1k Data Breaches Later, the Disclosure Lag Is Worse
Points and comments are a snapshot, not live.
Data breach disclosure delays are worsening even after 1,000 breaches indexed, with companies taking 40+ days to notify victims.
Troy Hunt marked 1,000 breaches added to Have I Been Pwned by noting that disclosure lags have grown longer despite privacy regulations like GDPR and CCPA. The Carnival breach saw data publicly leaked April 24 but wasn't disclosed until May 27, a 43-day gap. A subsequent breach took 45 days. Hunt attributes delays partly to companies' legal posturing and class-action litigation concerns, which incentivize defensive strategies over customer notification. Privacy regulations contain loopholes: GDPR and CCPA only require disclosure if breaches risk "high risk" or "serious harm," allowing companies to avoid notifying victims entirely if they claim the leaked data doesn't meet those definitions.
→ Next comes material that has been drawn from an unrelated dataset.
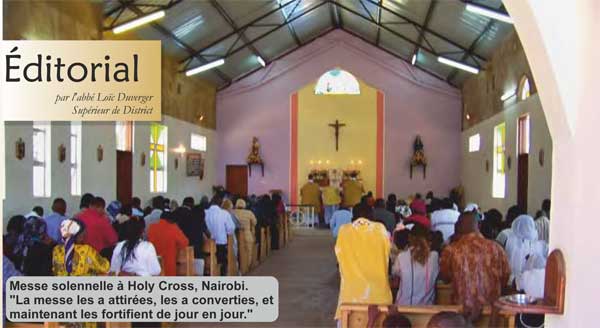 Le Kenya n’échappe pas à la règle. La fondation du prieuré se fit lentement, à partir d’un tout petit groupe de fidèles qui depuis longtemps réclamait la présence de la Fraternité. Ce petit groupe a grandi. Le prieuré s’est déplacé en centre-ville (1) l’église Sainte-Croix a été construite et bientôt, sans publicité, sans haut-parleurs hurlant des prédications folles, sans céder aux modes des danses et des tam-tam liturgiques, les âmes de bonne volonté arrivent, découvrent la liturgie de toujours. Elles trouvent alors dans la messe le repos, la force pour persévérer dans le combat quotidien. La messe les a attirées, les a converties, et maintenant les fortifient de jour en jour.

Hunt argues organizations prioritize shareholder protection and litigation avoidance over customer safety, despite public commitments otherwise.
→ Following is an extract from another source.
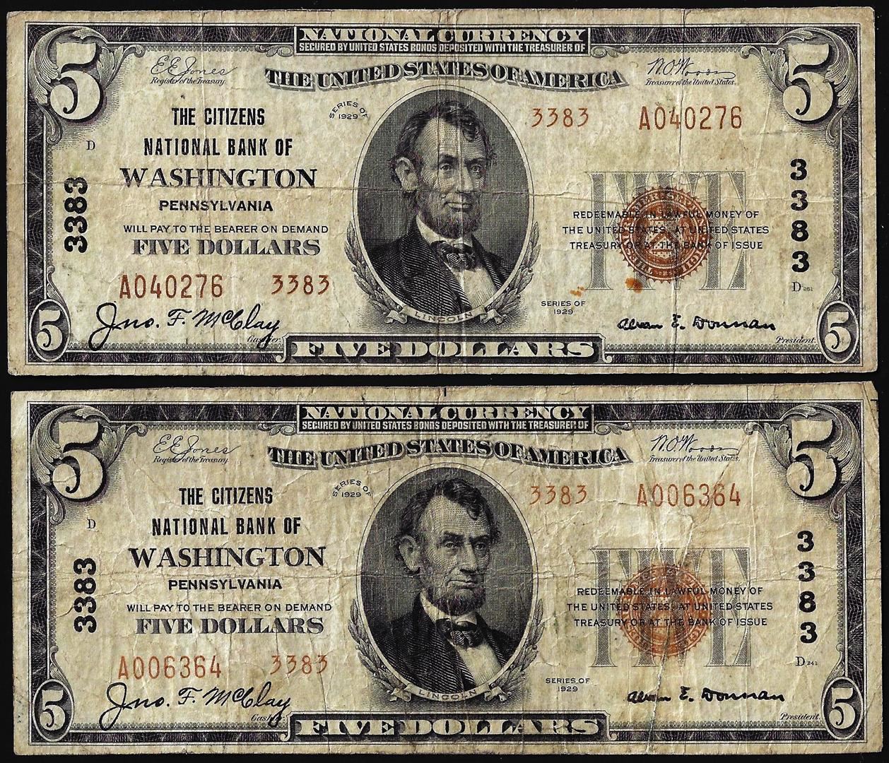Lot of 1929 Type 2 $5 Citizens NB of Washington, PA CH# 3383 National Currency Notes

What commenters are saying
Commenters questioned whether HIBP remains necessary given alternatives like Snusbase, though one linked to Hunt's prior explanation of why he doesn't expose actual passwords. On disclosure incentives, discussants split: those in B2B tech with founder-majority stakes face real deal-breaker consequences, driving faster response. Most public companies lack material stock-price impact and executive accountability, so no incentive exists. GDPR enforcement remains inconsistent globally. On personal protection, commenters dismissed email plus-addressing as ineffective since spammers strip or infer base addresses from breach data; proper email aliasing services (Duckduckgo, SimpleLogin, Addy.io) are recommended instead.